Today was yet another uneventful day, but I guess one that I can appreciate? As everyone should know, today was Father's Day. I didn't actually do anything for Papa Chung, which I felt terrible about, but I figured spending the entire day with him would make up for it. So, he, my mother, and I went to his best friend's house in Manhattan. I finally got to see the man my father would always call Alberto and answer the phone with a "Que pasa????" every single time. I expected a very burly and tough looking Greek man, and to my surprise I saw... A regular, middle aged, and slightly balding Greek man. He looked much older than my father, and yet he had a child who was just turning three.
He and his wife were ridiculously hospitable, and I had a fairly nice time. I will admit that I was dying somewhat without my phone (isn't that expected of every modern teenager?), but I think I handled myself pretty well. My visit there put a couple of things in perspective for me...
1. The importance of children. I always say that I want as few kids as possible, and that I would be perfectly fine not having one at all. To be honest, I think that would be a missing chapter in my life. Having a child is something that now appears... necessary. Alberto and Sarah are roughly fifty years old each, and yet they just recently had a child. By the time Esther is in my position three days ago, they will be mistaken as grandparents. That actually makes me sad to think about, but also signifies the importance of bringing life into this world. I'm actually excited to have kids someday. Not in the near future, of course, but perhaps a little earlier than I wanted previously.
2. The excitement of attending college. In the last week, five or seven people on my floor for housing have already added me on facebook. It just all seems so real now. And I'm not hesitating to go for it. I just want to be there already, meeting all of the people who could potentially change my life. Talking about college with Sarah just made me realize that it might be even more of an experience that I ever imagined.

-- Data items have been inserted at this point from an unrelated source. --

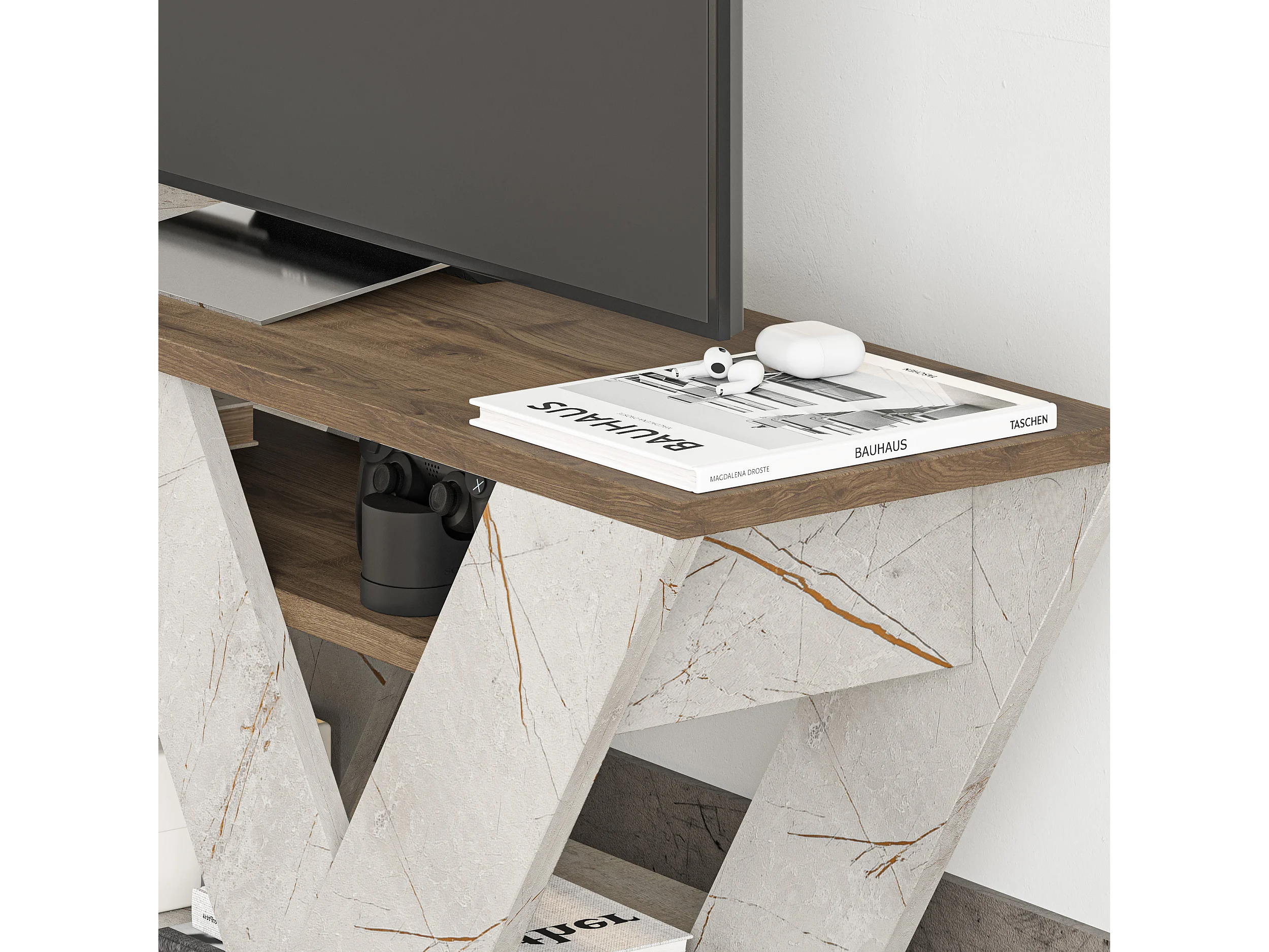 Decortie Chêne Foncé, Effet Marbre Doré 30x110x40cm Meuble TV Jusqu'à 42" Pouces TV's Panneau de Particules Centre Multimédia
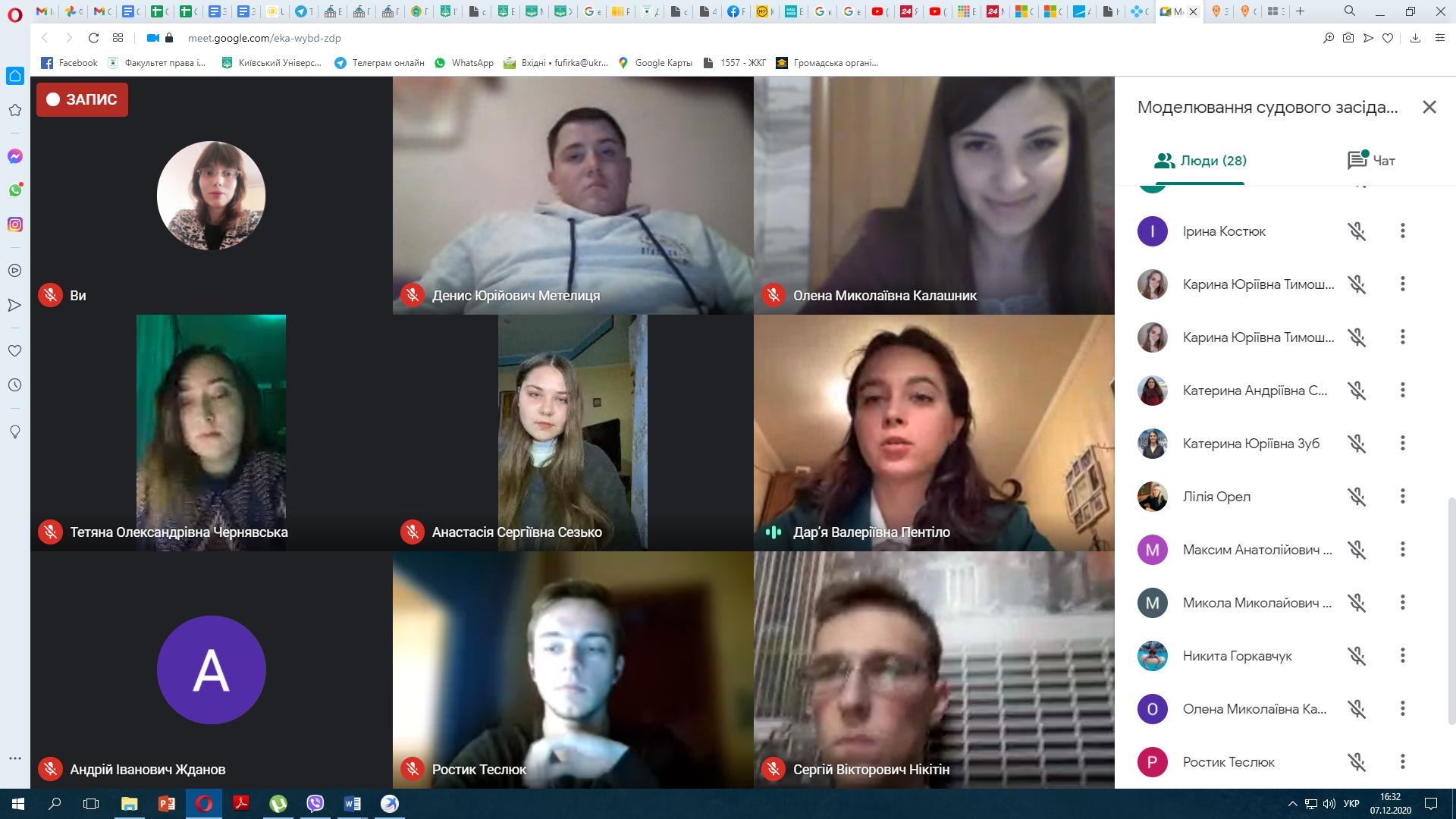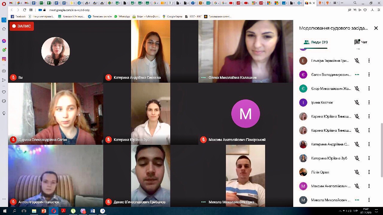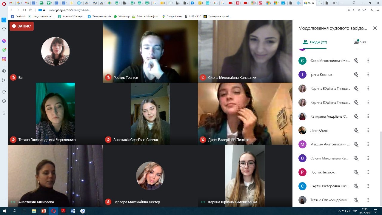 «До Міжнародного дня прав людини та із нагоди святкування Дня Київського університету імені Бориса Грінченка проведено Моделювання судового засідання «Справедливий суд грінченківців». Участь у моделюванні взяли студенти 3-го курсу спеціальності «Право» під керівництвом доцента кафедри публічного та приватного права Факульткту права та міжнародних відносин Калашник Олени Миколаївни. Враховуючи ситуацію, що склалася у світі від пандемії Covid-19, змінилася не лише організація освітнього процесу, а й майже усі суспільні відносини, у тому числі і цивільно-процесуальні. Суди почали активно розглядати справи у режимі відкоконференції, дозволяючи сторонам приймати участь у справі поза межами суду за допомогою власних технічних засобів. Вперше наші студенти провели імітацію судового засідання онлайн. Два зовсім різні кейси та різні підходи розгляду цивільної справи в режимі відкоконференції.
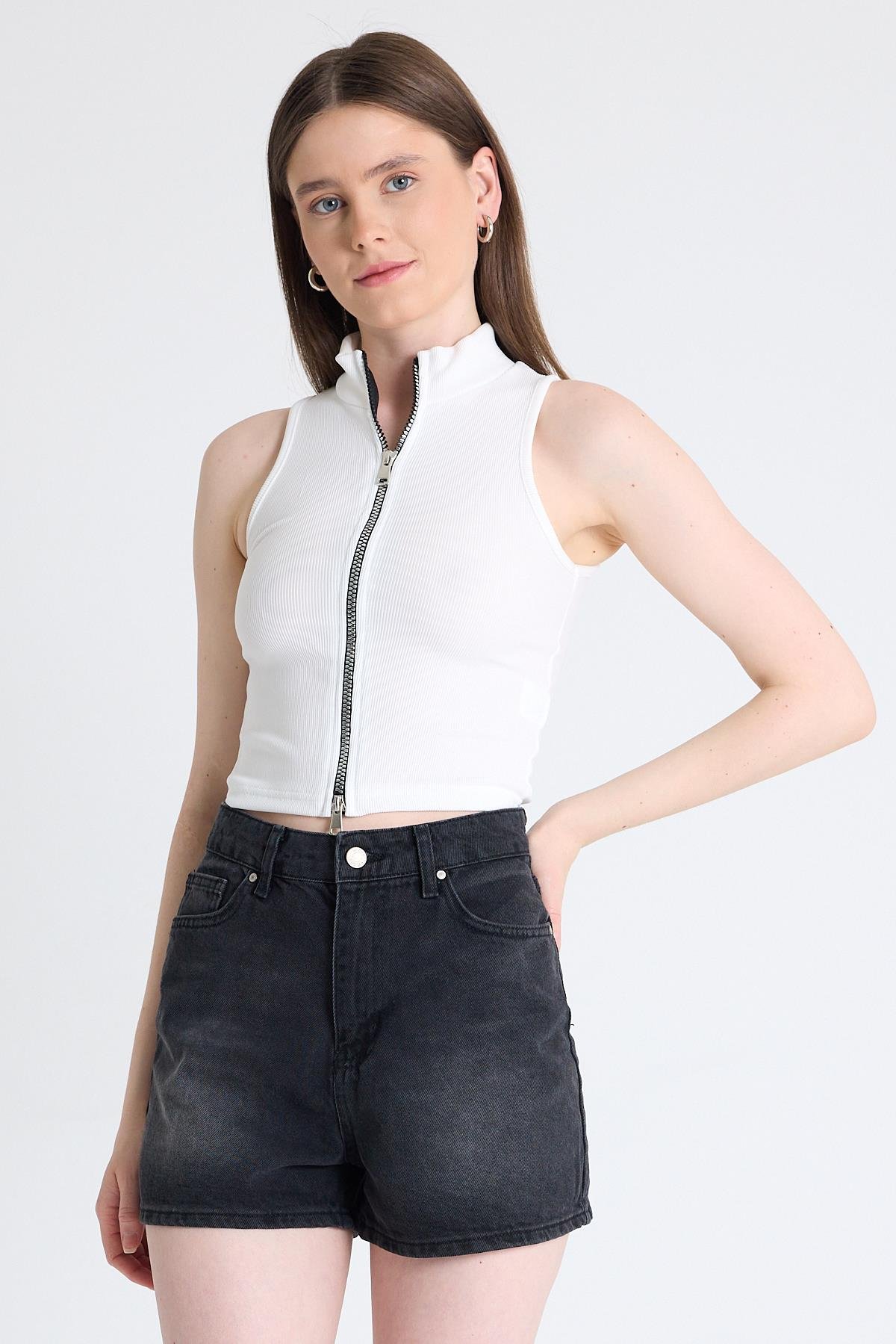 Beyaz Fermuar Detaylı Kolsuz Crop Bluz 2226
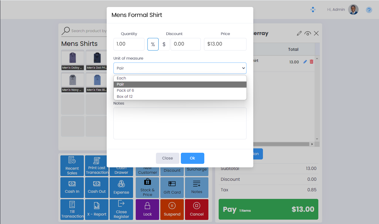 After all the items have been added to the transaction list with appropriate discounts, surcharges, and notes, click on Pay to proceed to the Payment screen.
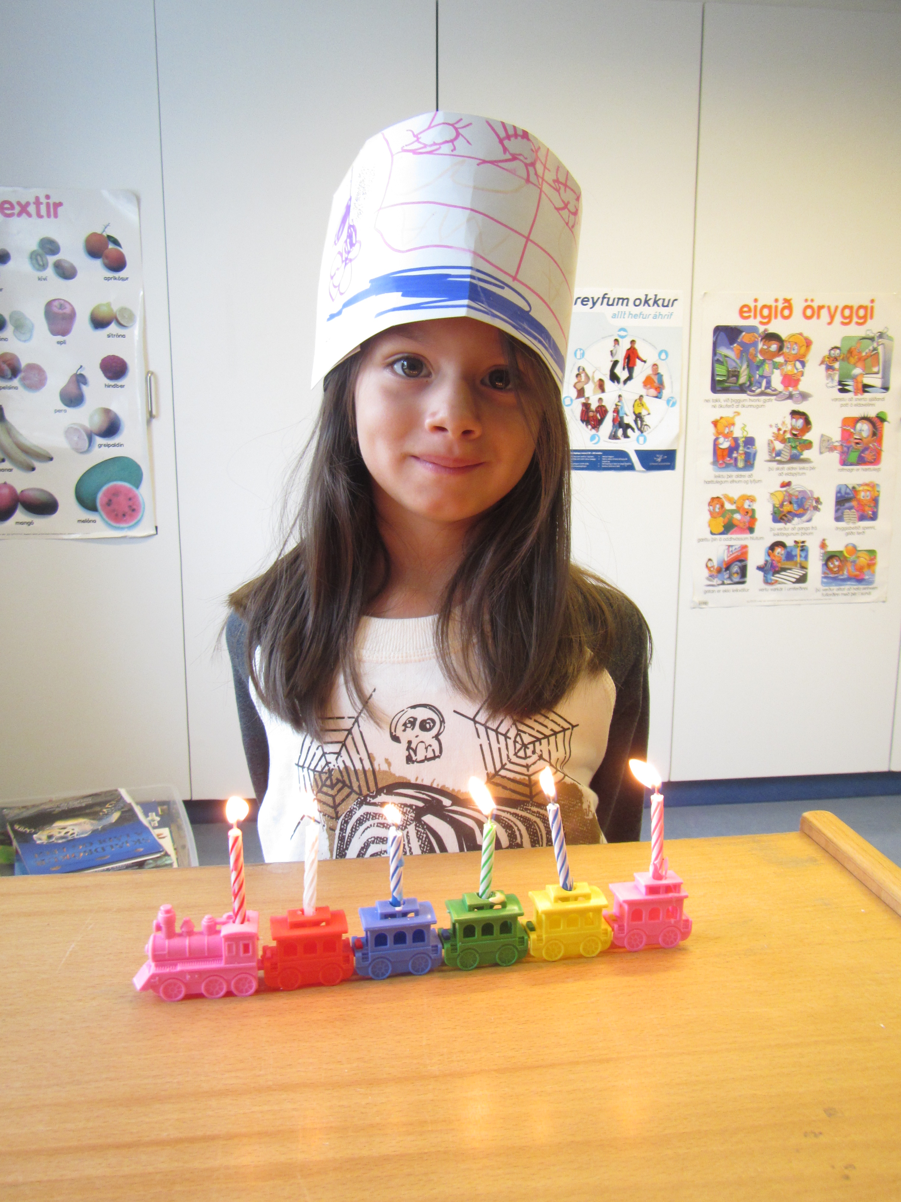 Maya Alexandra bjó sér til fallega kórónu, blés á kertin 6 og
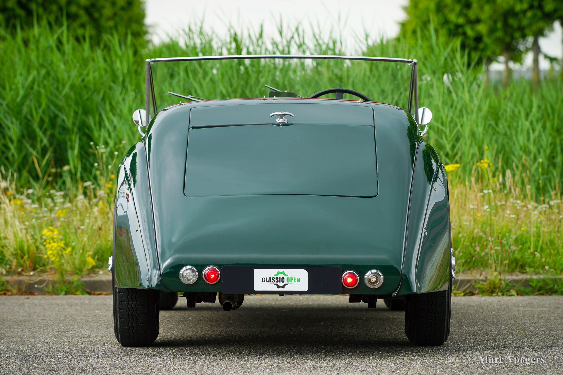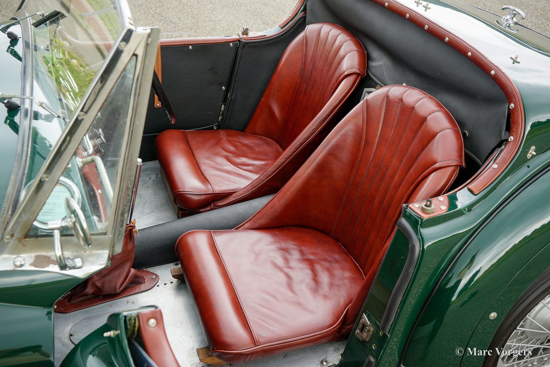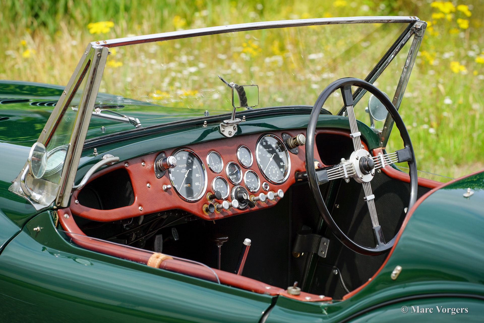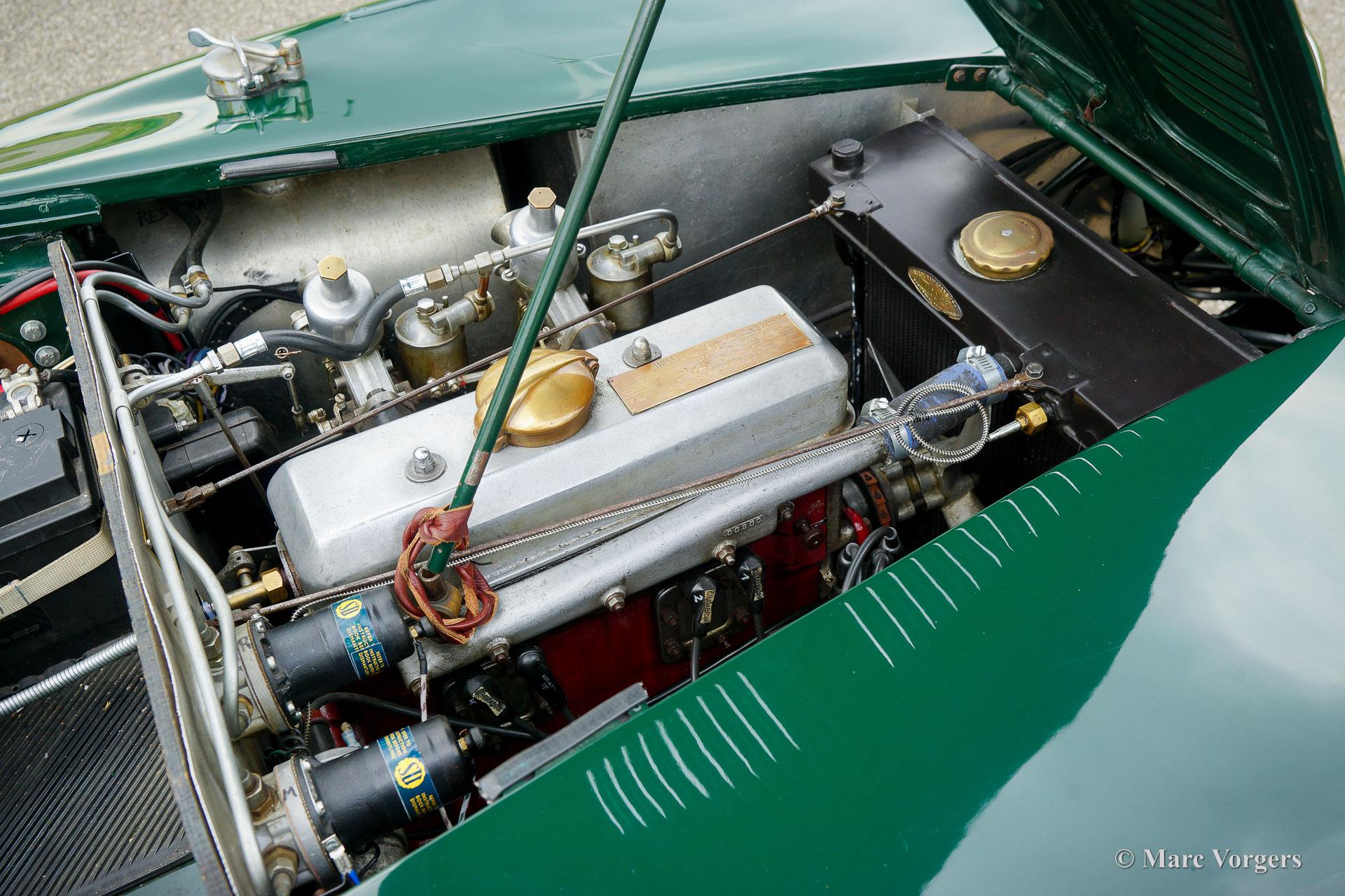 HRG 1500 Aerodynamic, jaar 1947. Kleur donker British Racing Green. Interieur met bruin lederen stoelen. Deze zeldzame en prachtige HRG 1500 Aerodynamic werd nieuw verkocht in het Verenigd Koninkrijk aan de heer Hartford in Fawley. De volledige geschiedenis van de auto is bekend en gedocumenteerd (geschiedenis gedocumenteerd door Ian Dussek historicus van de HRG Association). In het begin van de jaren 1960 werd de auto gerestaureerd naar originele specificaties. Na de restauratie nam de W106 deel aan evenementen en bijeenkomsten zoals de ‘Griffith Formula for Historic Cars’. In de jaren 1990 werd een tweede restauratie gestart door de 5e eigenaar dhr. Halfpenny. De mechanische componenten (motor, versnellingsbak, achteras, chassis) zijn gereviseerd door Roundwood Ltd in Harpenden UK. De heer Halfpenny verkocht de auto als een onvoltooid project in 2017, de nieuwe eigenaar heeft de restauratie in 2019 voltooid. Deze zeldzame automobiel verkeert in een uitstekende conditie met een fraai vintage patina. Deze HRG toont alle originele details en de auto rijdt en schakelt voortreffelijk! De HRG 1500 Aerodynamic is een bijzondere en zeldzame automobiel, er zijn slechts 45 exemplaren van gebouwd van 1945 tot 1949, er zijn nog 20 auto’s van dit type bekend. Deze automobiel vertoont veel interessante technische en stylingdetails. De benzinetank bevindt zich onder het linker voorspatbord en het reservewiel heeft een prominente plaats onder het openklappende rechter voorspatbord. Het met leer beklede dashboard ziet er zeer indrukwekkend uit met een vierspaaks stuur in Brooklands-stijl, zeven meters met chromen ringen en een reeks schakelaars. De auto is uitgerust met bredere 19-inch spaakwielen met klassieke Michelin-banden.

3. The epicness that could be this summer. I can't wait for an alcohol/drug induced summer. Talking about getting wasted with one friend and high with another just got me really excited, which is probably a bad sign actually. Still, I just think that the prospects of being so free and wild make it all the more enticing. Clubbing is supposed to be put into that mix, but we shall see about that for now... If anyone wants to join in on these plans, feel free to by the way! Although I doubt anyone reads this so I don't know why I write these =P
On a completely unrelated note... Does anyone else hate going number two in a bathroom that is a part of someone else's house? I honestly try to hold it in if I can, but today I was faced with two options. Try to control your bowel movements for two hours, OR go to the bathroom of your parent's friend's house while no one is looking. I knew I couldn't wait too long, so I did the latter. I felt incredibly satisfied afterwards, but I shudder at the thought. I hate doing things that are so uncomfortable, and for me, doing anything related to pooping/farting in a public environment is something that makes me extremely uncomfortable.
And so, I'm ending this wall post with an upset stomach and strange wishes. Wow. It's 2:38. I need sleep.